Dr Heather Came

profile image

Senior Lecturer

Phone: 64+ 9 921 9999 Ext 7799

Email: heather.came@aut.ac.nz

Physical Address:
Room MB214,
AUT University
South Campus
640 Great South Road
Manukau, Auckland 2025
New Zealand

Postal Address:
Taupua Waiora Centre for Māori Health Research
School of Public Health & Psychosocial Studies (Mail Code MB2)
AUT University, North Shore Campus
Private Bag 92006
Auckland 1142
New Zealand

Links to relevant web pages:


PhD (Waikato), PGD Social Enterprise (Dist) (Waikato), MA (Hons) Canterbury, Cert HP (Otago), Cert TertT (AUT) 

Memberships and Affiliations:

Founding member SistaNerds
Co-chair of STIR: Stop Institutional Racism
Member Auckland Branch Public Health Association
Health Promotion Forum Fellow
Core member Tāmaki Tiriti Workers
Golden Key International Honour Society Member


Heather is a seventh generation Pākehā New Zealander who grew up on Ngātiwai land. She has worked for nearly 25 years in health promotion and public health and has a long involvement in social justice activism. She is an activist scholar and her doctorate was on institutional racism within the public health sector. Heather has worked as a grassroots practitioner, in a national workforce development role, in public health management, strategic planning and in Māori health.

Teaching Areas:

Te Tiriti o Waitangi
Māori health practice

Research Areas:

Heather’s primary research interests relate to the application of Te Tiriti o Waitangi, anti-racism praxis, institutional racism and critical public health. She also has an interest in health policy, health activism and systems change theory. She is a qualitative researcher, working within a critical paradigm who utilises activist scholarship, critical race theory, and engages with the Te Ara Tika ethical framework. Her research frequently involves collaboration with members of STIR: Stop Institutional Racism.

Heather is keen to supervise students broadly in the field of critical public, Māori health and activist translational research. Historically her research and praxis focussed on sexuality politics and queer theory, she has worked in eclectic areas of health promotion including mental health promotion, youth and community development and public health workforce development and women's health.

Research Projects

Current Research Projects:

Regulated Health Practitioners’ Readiness to Deliver Culturally Competent Health Services

Despite the legislated requirement for the regulated health practitioners to demonstrate cultural competence health inequities continue to exist for Māori.This study aims to review the current cultural competence measures that exist for the various regulated professions and critically analyse their efficacy in measuring the demonstration of cultural competence and the processes used to do so. Analysis will be informed by a Mahi a rōpū process. With Denise Wilson.

Pacific and Māori voice in New Zealand health policy
This study explores to what extent Māori and Pacific people have voice in the development of health policy in New Zealand. Data was collected via a document review of health policy from 2006-2016 looking at citations of Māori and Pacific academics and representation of Māori and Pacific people on advisory and/or steering groups. It also involved key informant interviews with Māori and Pacific health sector staff who have experience on DHB and or Ministry of Health steering and/or advisory groups. With Jonathan Fay.
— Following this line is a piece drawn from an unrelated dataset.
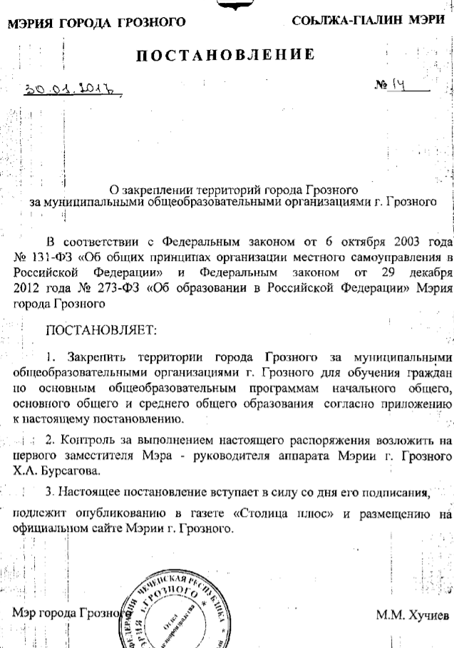 Постановление Мэрии г.Грозного №14 от 30.01.2017 г. "О закреплении территорий города Грозного за муниципальными общеобразовательными организациями г.Грозного"

Application of Te Tiriti o Waitangi within Health Promotion Practice
Nearly twenty years since the development of treaty based practice guidelines for the health promotion sector (TUHA-NZ) this study examines how senior health promotion practitioners apply Te Tiriti o Waitangi within their practice. Qualitative data was collected via in-depth interviews with a cohort of senior Māori, Pacific, Pākehā and Asian practitioners. The questions focussing on success stories of working with Te Tiriti and application in relation to the articles of Te Tiriti o Waitangi. With Claire Doole.

Benchmarking Crown Public Health Funding and Contracting Practices
Instigated in 2010 this longitudinal study, (every 5 years) is tracking racism/equity in public health providers’ experiences of their public health funders. Through a nationwide telephone survey, the qualitative and quantitative data from primary health organisations, public health units, non-governmental organisation and Māori and Pacific health providers is gathered. The study focuses on the domains of relationships, contracting and funding and service delivery to Māori. With Claire Doole.

Institutional racism and the dynamics of privilege in public health
Using activist scholarship and working with a Māori research whānau this study looked at how institutional racism manifests within Crown health policy making, contracting and funding practices. Data was sourced using an historical policy review, collaborative story telling with senior Māori public health leaders, a desktop review of contemporary Crown policy and procurement documents, a quantitative analysis of Crown investment in public health, a nationwide study of public health providers, and a semi-structured interview with a senior Crown official. The study identified distinct ten sites of racism and strategies to disrupt those sites.


Peer Reviewed Publications

Came, H., Cornes, R., & McCreanor, T. (2018). Treaty of Waitangi in New Zealand public health policy 2006-2016 New Zealand Medical Journal, 131(1469), 32-27.

Berghan, G, Came, H, Coupe, N, Doole, C, Fay, J, McCreanor, T & Simpson, T. (2017) Tiriti-based practice in health promotion. Auckland, New Zealand: STIR. https://trc.org.nz/sites/trc.org.nz/files/ToW-practice-in-HP.pdf

Came, H, and Griffith, D. (2017). Tackling racism as a wicked public health problem: Enabling allies in anti-racism praxis. Social Science and Medicine doi: 10.1016/j.socscimed.2017.03.028

Came, H., Doole, C, McKenna, B and McCreanor, T. (2017). Racism in public health contracting processes in New Zealand: Findings of a nationwide survey. Social Science and Medicine doi: 10.1016/j.socscimed.2017.06.002

Came, H., & Tudor, K. (2017). Unravelling the Whāriki of Crown Māori health infrastructure. New Zealand Medical Journal, 130(1458), 42.

Came, H, Humphries, M & Sessa, M. (2017) Embracing a Pākehā cronehood: Storying self, society, and the common good.Self and Society 45(2), 195-204. doi:10.1080/03060497.2017.1335008

Came, H, McCreanor, T, Doole, C, and Rawson, E. (2016) The New Zealand health strategy: Whither health equity?. New Zealand Medical Journal. 129(1447), 72-76.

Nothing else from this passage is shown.